L’édito politique Antonin André, c’est la campagne de  Marine le Pen. Depuis de longs mois elle est en tête dans toutes les études d’opinion en situation d’accéder au second tour, mais selon vous sa campagne a souffert d’un handicap : elle n’a pas su surprendre, innover.

Elle n’a pas pris en marche le créneau du renouveau l’un des marqueurs de cette campagne.  Face au phénomène Macron, face à l’offre Mélenchon qui  lui a fait une campagne innovante avec un programme  très différent du précédent. Marine Le Pen a fait quasiment du copié-collé de 2012. Avec en étendard l’épouvantail de la sortie de l’euro. Le retour aux frontières intérieures et bien sur la préférence nationale.

Une campagne à l’ancienne qui nous ramène même à l’avant 2012, à l’ère Jean-Marie le Pen. Je parle de la sortie sur le Vel'd’Hiv, coup de fatigue ou coup de com, ça rappelle les dérapages de son père. Marine le Pen n’a pas su inventer, se réinventer. Certains de ses proches d’ailleurs sont assez critiques avec la chef l’un d’eux résume cette campagne de sur-place : "Que Marine Le Pen continue à faire des discours d’une heure sur l’immigration, ça n’a rien de surprenant et ce n'est pas ça qui nous ramènera une voix supplémentaire".

 

En même temps Antonin elle reste très haut, et sur la dynamique des élections départementales et régionales,  6.8 millions de voix aux régionales, niveau record.

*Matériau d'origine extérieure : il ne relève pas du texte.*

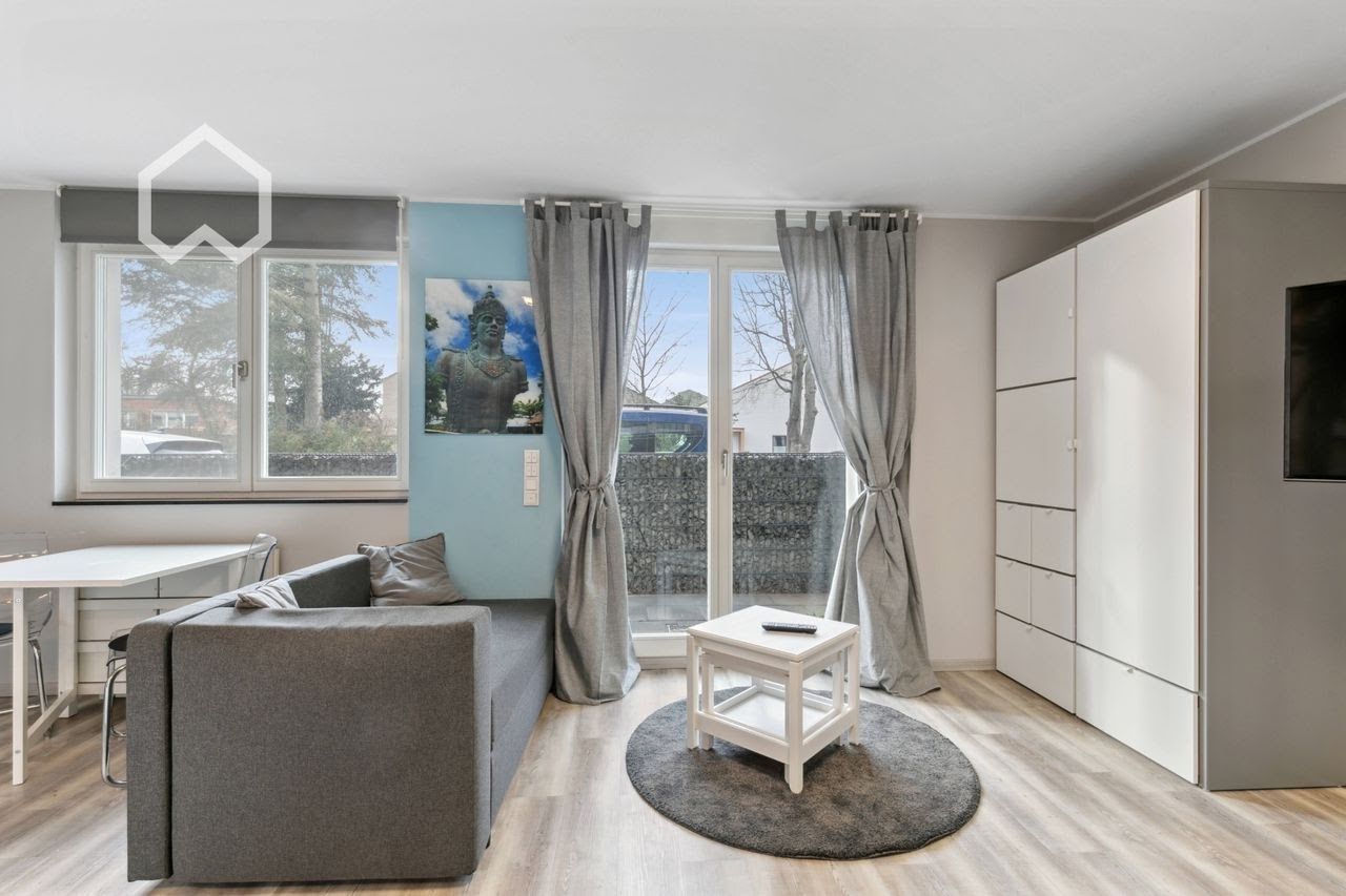 The fully furnished apartment has high quality equipment and a very good cut. The flooring of are equipped with design vinyl. In apartment there is a fully equipped kitchen with white surface, handle-free, in high gloss. The flexible kitchen table can be resized three times and with drawers can also be used as a desk or outside. Due to many glass surfaces, the apartment is bright and flooded with light. Curtains and drapes give the possibility of privacy and blackout. In the living area is a Ré...
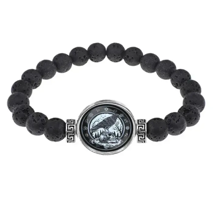 Стрейч-браслет из натуральной лавы диаметром 8 мм с изображением ворона на черепе, защищенным выпуклой стеклянной линзой.
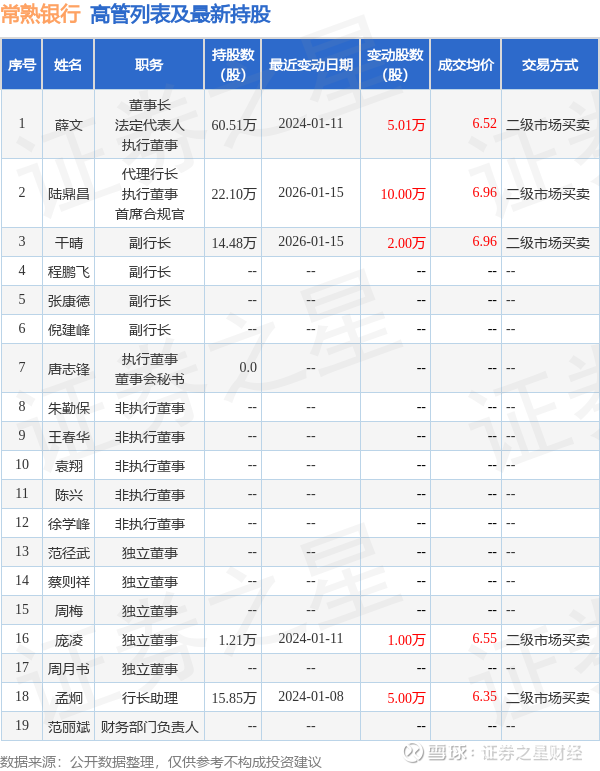 常熟银行的高管列表及最新持股情况如下:
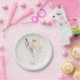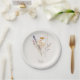 Plato de papel Cremoso Ducha. Nam. Texto dorado. Floral Otoñal.

Elle a un énorme capital. Elle est en tête toujours chez les jeunes et chez les ouvriers. Mais le risque quand vous avez un gros capital c’est de le gérer tranquille  et de se laisser endormir. Un peu comme Alain Juppé pendant la primaire de la droite qui s’est endormi avec ses beaux sondages et qui a connu un réveil brutal. Or Marine le Pen il lui faut encore aller chercher des voix, beaucoup de voix.

En 2007 et en 2012, le ticket d’entrée pour le second tour de la présidentielle c’est plus de 9 millions de voix. Compte tenu du fait qu’ils sont quatre candidats  à être à un niveau élevé ce sera sans doute moins de neuf millions cette fois-ci mais tout de même pour passer de 6, 8 millions à 8 millions ou un peu plus il ne faut pas que la dynamique  s’enraye, d’où la crispation et l’inquiétude de ses proches qui n’ont pas le sentiment que la campagne ait été, loin s’en faut,  très réussie.